Travail exceptionnel à plus d’un titre, d’abord par la masse de documents dépouillés et minutieusement étudiés, ce livre de Julien Blanc est surtout remarquable par les sources très souvent inédites auxquelles il a eu accès. Il faut citer ici le nom de Germaine Tillion, la grande ethnologue des Aurès algériens et collaboratrice du musée de l’Homme, qui l’a accueilli, lui a accordé un grand nombre d’entretiens et lui a ouvert ses archives personnelles – qui ont, depuis sa disparition en 2008, été déposées à la Bibliothèque nationale. On apprend ainsi que, membre du « réseau du musée de l’Homme » par ses connaissances de nombreux chercheurs du musée, celle qui sera déportée à Ravensbrück à la suite de la répression que subit le réseau en 1941 – d’autres des membres du réseau seront fusillés en 1942 au mont Valérien – et étudiera le fonctionnement du camp a débuté sa Résistance au sein d’une association d’entraide aux soldats coloniaux, particulièrement persécutés par les nazis, qui travaille à les faire échapper à l’internement et à les rapatrier dans leurs pays d’origine, à l’époque colonies françaises.

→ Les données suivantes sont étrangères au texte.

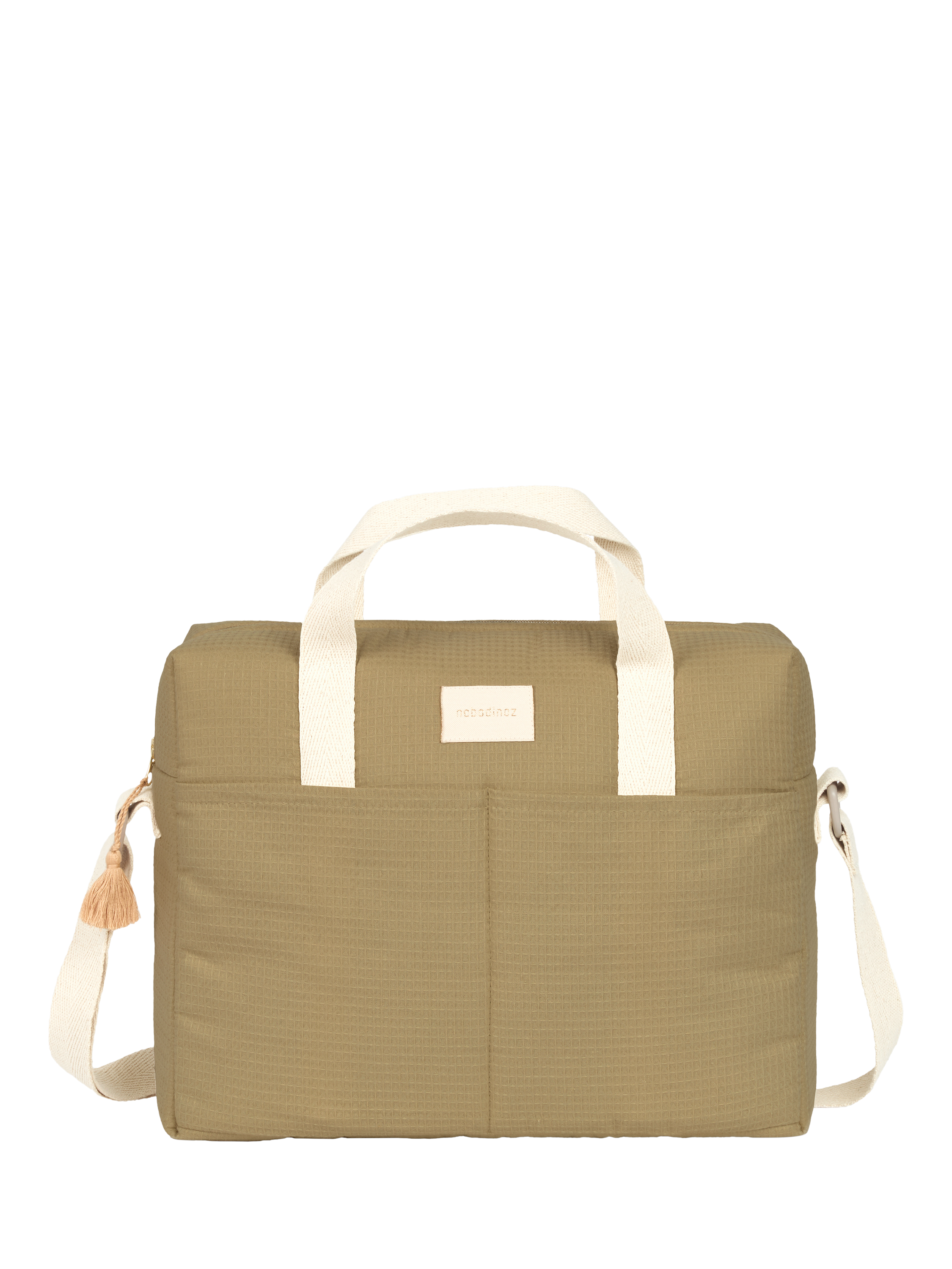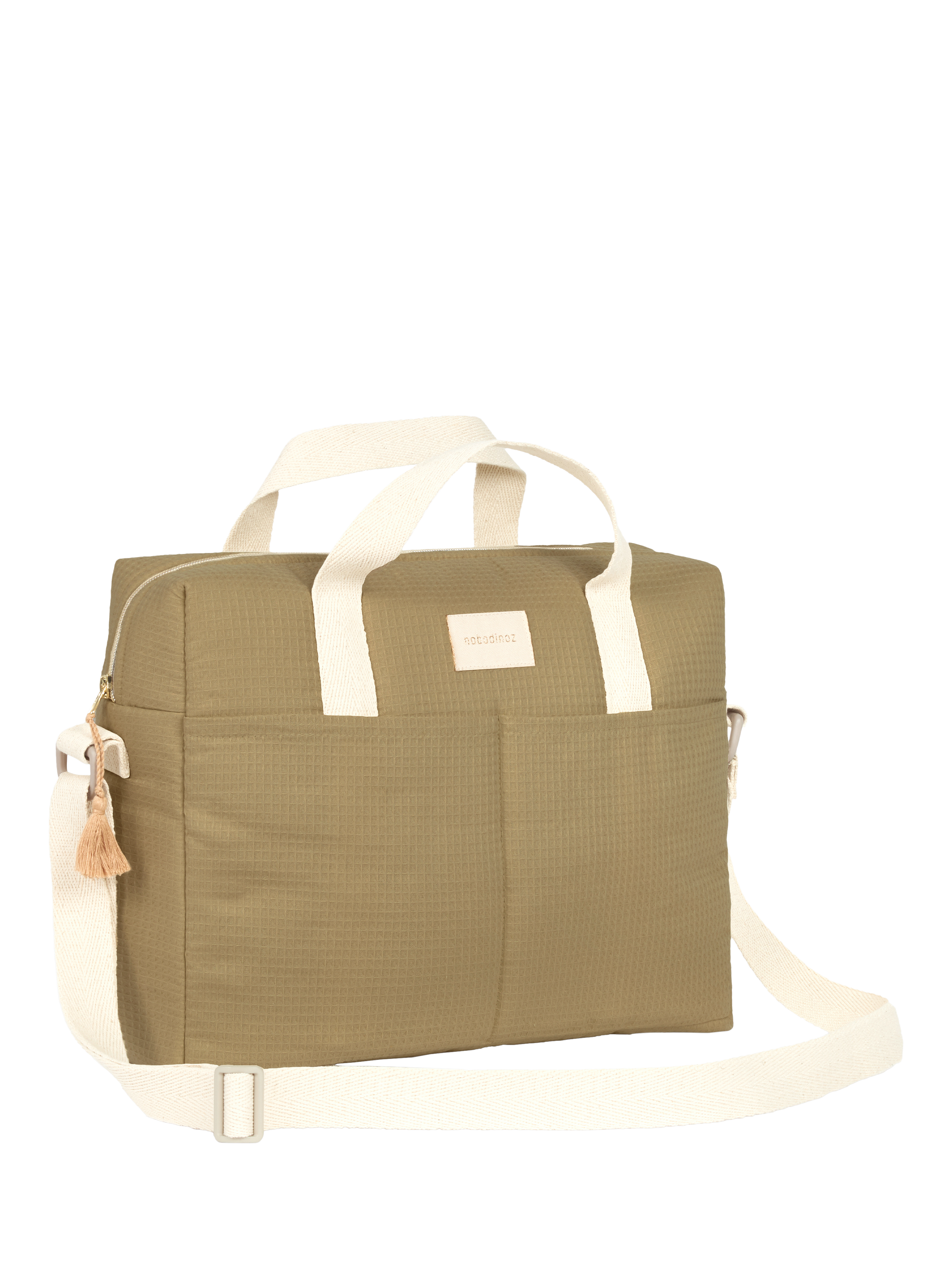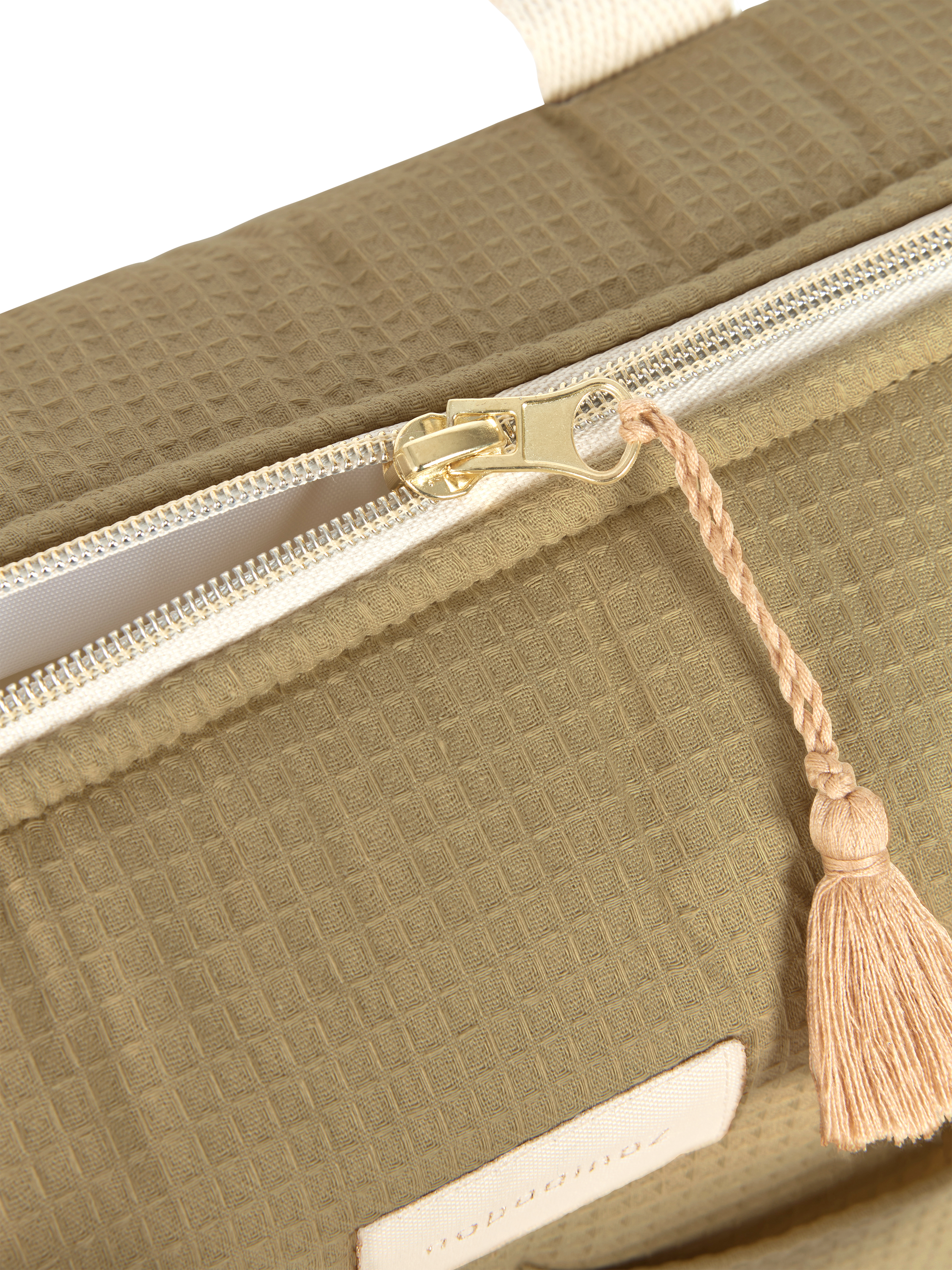 The Gala changing bag in cotton honeycomb has a waterproof interior and two inner pockets for baby's bits and pieces. There's also two outside pockets for what you need right at your fingertips. Thanks to its braided handles you can hang it on your pram or carry it on your shoulder. The honeycomb drawing is exclusive, designed in collaboration with Nobodinoz's Barcelona weavers.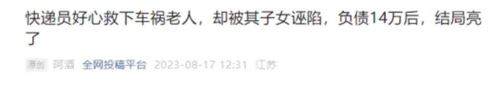 (信息来源:全网投稿平台——快递员好心救下车祸老人,却被其子女诬陷,负债14万后,结局亮了)

Dans un style élégant qui aide à la dynamique du récit, Julien Blanc dresse ainsi un portrait passionnant, tout en finesse et en contrastes, des engagements, convictions et parcours parfois tragiques, de ces Résistants de la première heure qui, aussi minoritaires qu’ils aient été, ont su sauver l’honneur d’une France alors à genoux.